4The symposium was successful in tracing out some of these connections, while offering a deeper perspective into Murdoch’s contribution to the contemporary ethics of care, or the attention she devolved to the natural world, in connection with current concerns with animal and environmental vulnerability, and the contributions of non-human forces ‘to counter the narcissistic reflex of human language and thought’ (Bennett xvi). Word children, virtuous dogs and contemporary students’ response to her work were among the topics that fuelled the debates well into the evening and its promise of a rewarding ficelle picarde. Many thanks were given and are here renewed to those who made this journey possible, from the SEAC and its president, Catherine Bernard, to the Maison Européenne des Sciences de l’Homme et de la Société for funding part of the event. To our colleagues in the CURAPP research group, we owe a state-of-the-art viewpoint on Murdoch and moral philosophy.

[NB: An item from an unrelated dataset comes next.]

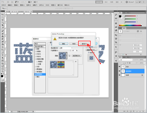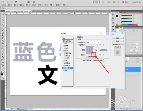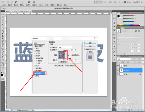 双击图示自界说图案图层,弹出图层样式设置栏。勾选【图案叠加】,点击图示小三角,弹出图案选项栏;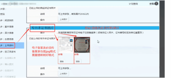 2.专升本需上传毕业证及电子学历注册备案表,高起本需上传高中毕业证书或同等学历证书。单张图片大小均为2M以内,文件格式为jpg。

The conference was also made possible thanks to the help and support of the director of the Iris Murdoch Research Centre, Miles Leeson; it benefited from the presence and talk of Iris Murdoch’s biographer, Peter Conradi (our mediator into Murdochian studies long ago), and Anne Rowe, who kindly agreed to share her unique work on the Murdoch archives with us. Their concourse was paramount to our re-examining Iris Murdoch’s work at close quarters—all for the best.